DATA SHOWN Block Start
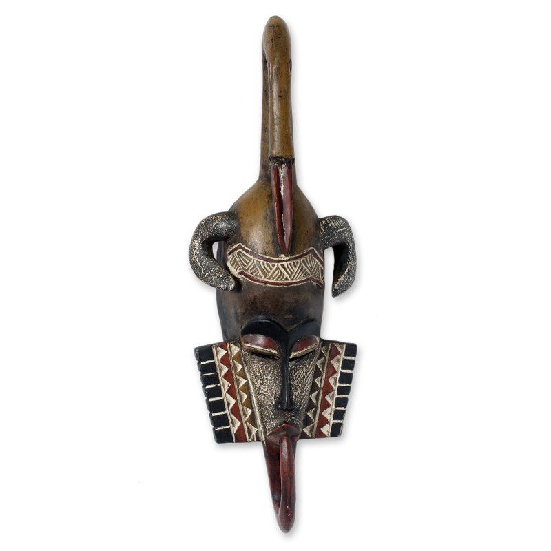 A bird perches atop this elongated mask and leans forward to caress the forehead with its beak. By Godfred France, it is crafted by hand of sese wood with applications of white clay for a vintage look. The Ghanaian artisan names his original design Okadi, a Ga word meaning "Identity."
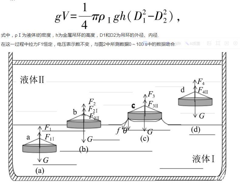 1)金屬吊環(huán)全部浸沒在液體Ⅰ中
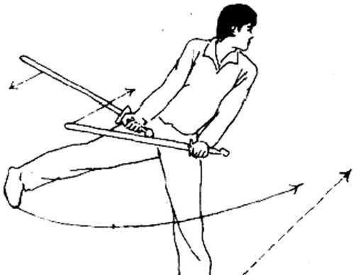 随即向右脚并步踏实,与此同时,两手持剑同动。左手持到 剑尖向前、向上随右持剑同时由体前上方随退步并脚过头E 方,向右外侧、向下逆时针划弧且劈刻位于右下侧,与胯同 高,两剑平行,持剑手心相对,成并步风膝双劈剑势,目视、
DATA SHOWN Block End
→ WHAT YOU NEED TO DO
The listing above, line by line: print it exactly, but not its pictures.

→ ANSWER
 A bird perches atop this elongated mask and leans forward to caress the forehead with its beak. By Godfred France, it is crafted by hand of sese wood with applications of white clay for a vintage look. The Ghanaian artisan names his original design Okadi, a Ga word meaning "Identity."
 1)金屬吊環(huán)全部浸沒在液體Ⅰ中
 随即向右脚并步踏实,与此同时,两手持剑同动。左手持到 剑尖向前、向上随右持剑同时由体前上方随退步并脚过头E 方,向右外侧、向下逆时针划弧且劈刻位于右下侧,与胯同 高,两剑平行,持剑手心相对,成并步风膝双劈剑势,目视、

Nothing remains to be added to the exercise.